China has proposed the resumption of six-party nuclear disarmament talks in February when North Korean leader Kim Jong-Il visited Beijing this week, a South Korean newspaper says.


Chinese President Hu Jintao (R) with North Korean leader Kim Jong Il. China has proposed the resumption of six-party nuclear disarmament talks in February when North Korean leader Kim Jong-Il visited Beijing this week, a South Korean newspaper says. [AFP/File]
 

The JoongAng newspaper quoted a diplomatic source as saying China had asked North Korea to return to the six-party forum during the second week of February.

Prospects for new six-party talks on ending North Korea's nuclear weapons drive heightened this week after Kim met Chinese President Hu Jintao and agreed to push for "a negotiated peaceful solution to the issue".

South Korean officials, however, believe the resumption of talks remains uncertain due to a standoff over US financial sanctions on North Korea for alleged counterfeiting and money laundering activities, the newspaper said.

North Korea has said it would only return to the six-party talks involving the United States, China, the two Koreas, Japan and Russia if Washington lifted the sanctions.

Meanwhile, a senior US State Department official told Japan's Kyodo news agency: "I think that there was a suggestion.

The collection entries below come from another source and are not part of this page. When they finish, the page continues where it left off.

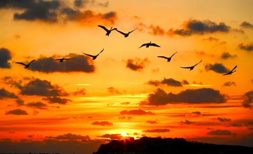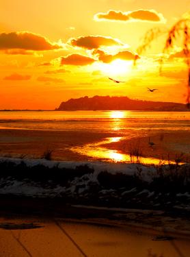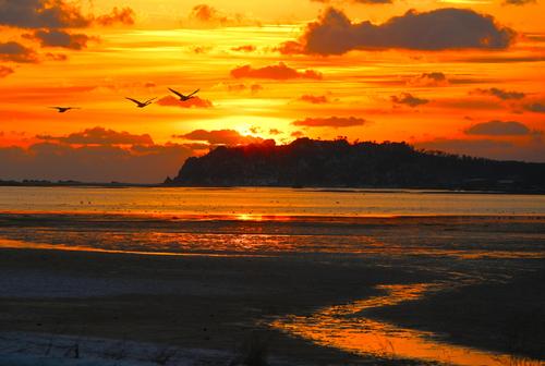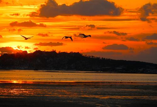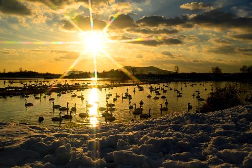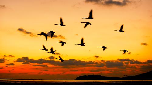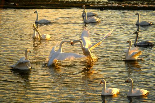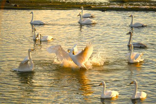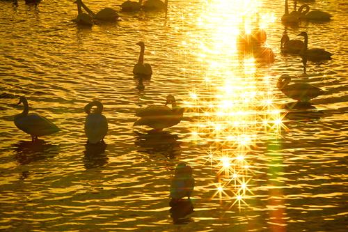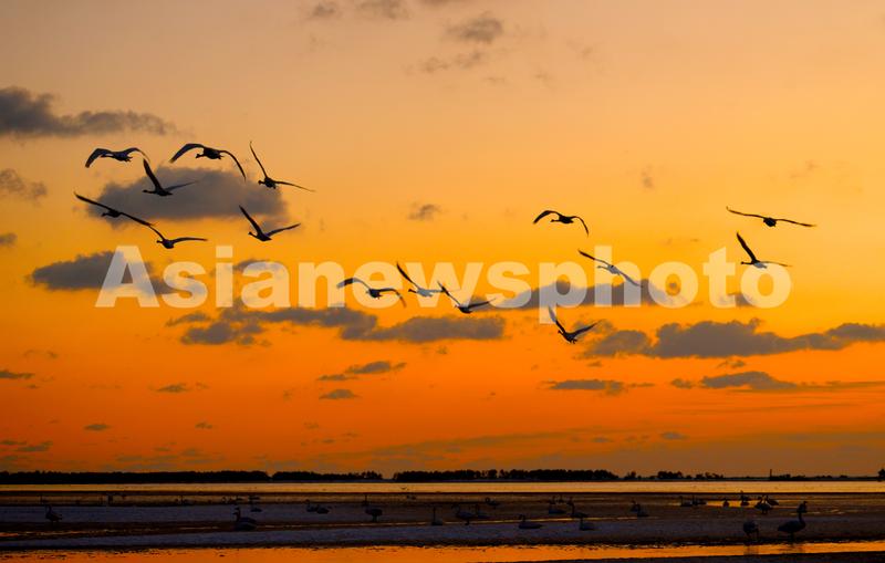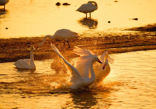2022年12月5日清晨,山东荣成天鹅湖,大天鹅在灿烂的朝霞下飞舞。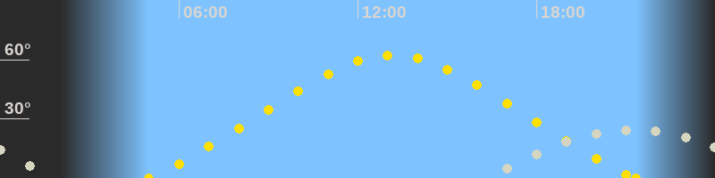 | Höchster Sonnenstand (Kulmination) | 13:09 Uhr (h = 62.4°) |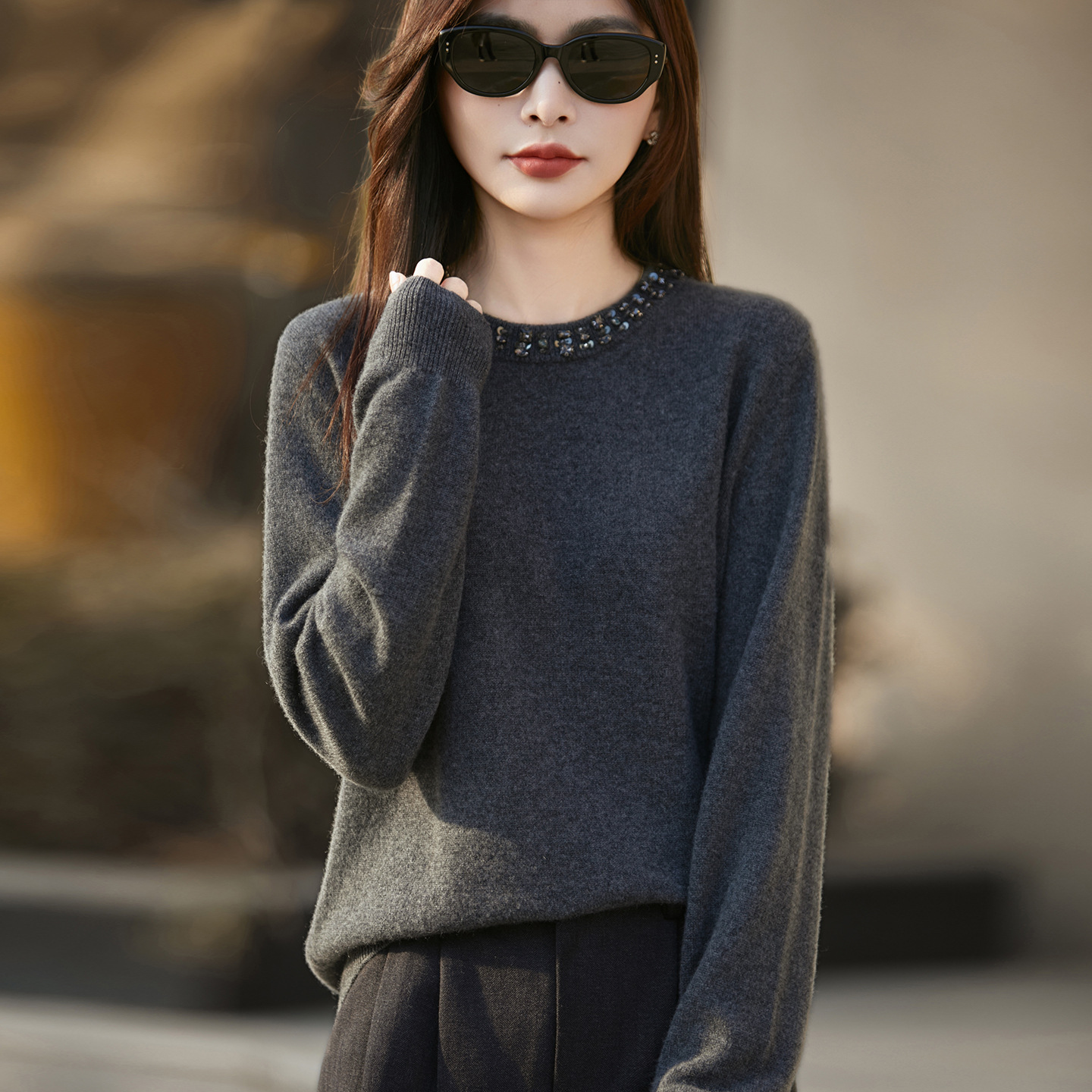 25订钻100全羊毛衫女秋冬款内搭圆领针织衫打底上衣套头毛衣修身
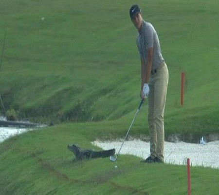 Recentemente, um jogador de golfe americano se deparou com uma situação, no mínimo, incomum. Participandode do torneio Zurich Classic, Cameron Champ tinha que dar uma tacada, mas pertinho dele encontrava-se um aligátor, ou seja, jacaré americano, que ficou parado enquanto o jogador se concentrava.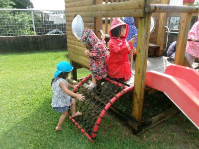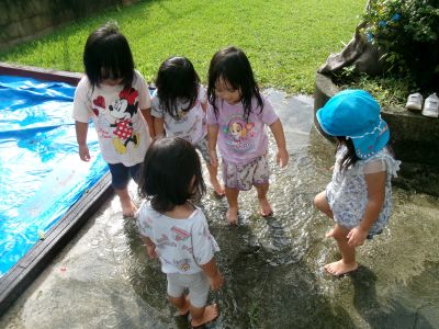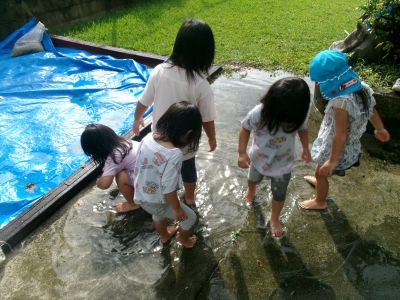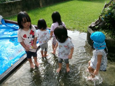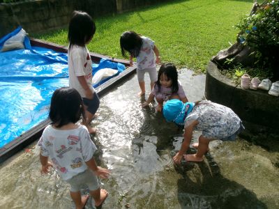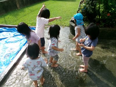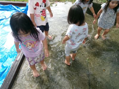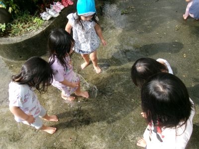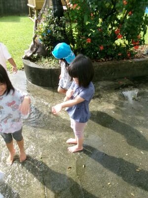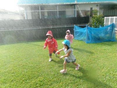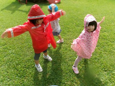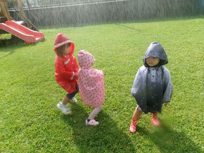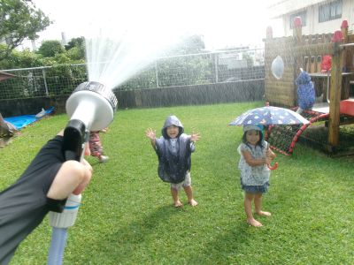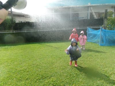 「え~!雨は~?」とちょっぴり残念そうな声もありましたが、保育者がホースで“雨”を降らせると大喜び!
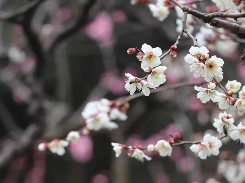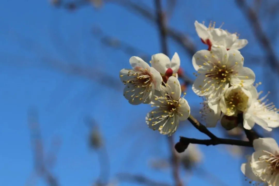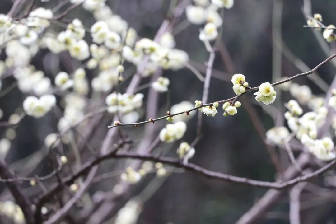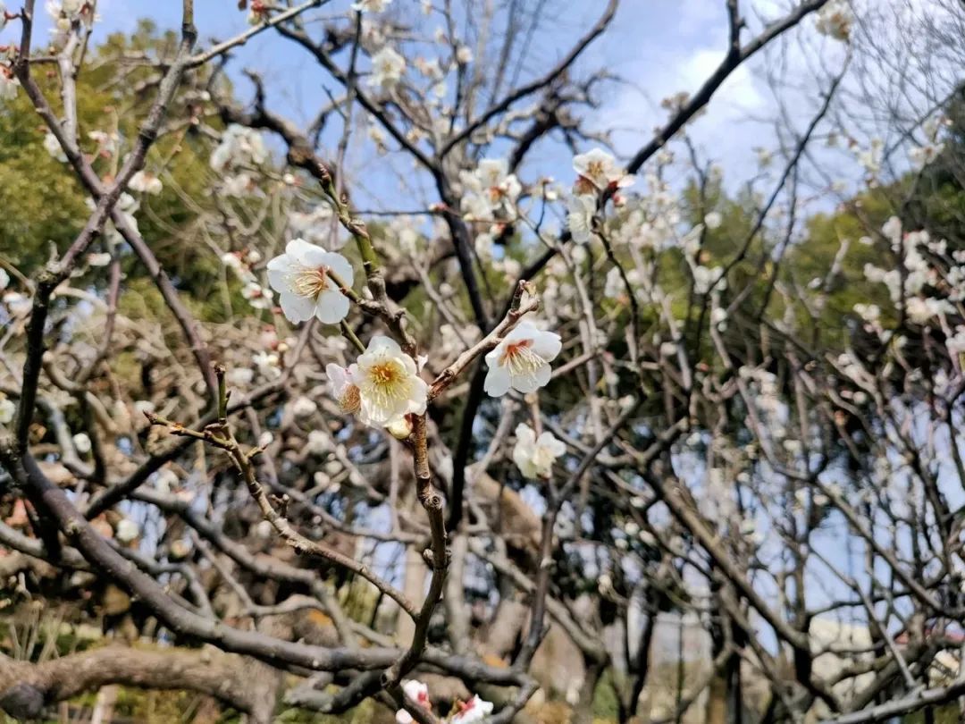 见惯了大片鲜艳的红梅,位于康健园的白梅则另有一番风姿,枝枝条条缀满清逸幽雅、冰清玉洁的花蕊,玲珑如玉,轻风摇曳,行走其间,仿佛置身白色花海。

The Chinese had talked about early February."

"We reaffirm the fact that we're ready to go to Beijing in early February, but there's not yet agreement," the unnamed official was quoted as saying.

At talks this week in Washington, US Secretary of State Condoleezza Rice and her South Korean counterpart Ban Ki-Moon called for a resumption in talks to break the impasse over the three-year-old crisis.

Rice said Pyongyang had received a clear message from the international community on the need for a nuclear-free Korean peninsula.

"We both urge the North Koreans to come back to the talks without conditions, because North Korea also is being told by the international community that it has to be a Korean peninsula that is free of nuclear weapons and that North Korea must dismantle its nuclear programs," Rice said.

In September, North Korea agreed in principle to give up its nuclear weapons program in return for a US security guarantee and other economic and diplomatic benefits. But the last round of six-way talks ended in stalemate in November.

The United States has blacklisted eight North Korean companies, accusing Pyongyang of manufacturing counterfeit US dollar bills and using a Macau bank as a front for money-laundering.

The US Treasury on Friday urged Asia to take defensive measures against North Korea's illicit activities, after Daniel Glaser, the deputy assistant secretary for terrorist financing and financial crimes, visited Hong Kong and Macau.

Glaser discussed with officials in the southern Chinese territories how to cooperate on controls against money laundering and terrorist financing, a Treasury statement said.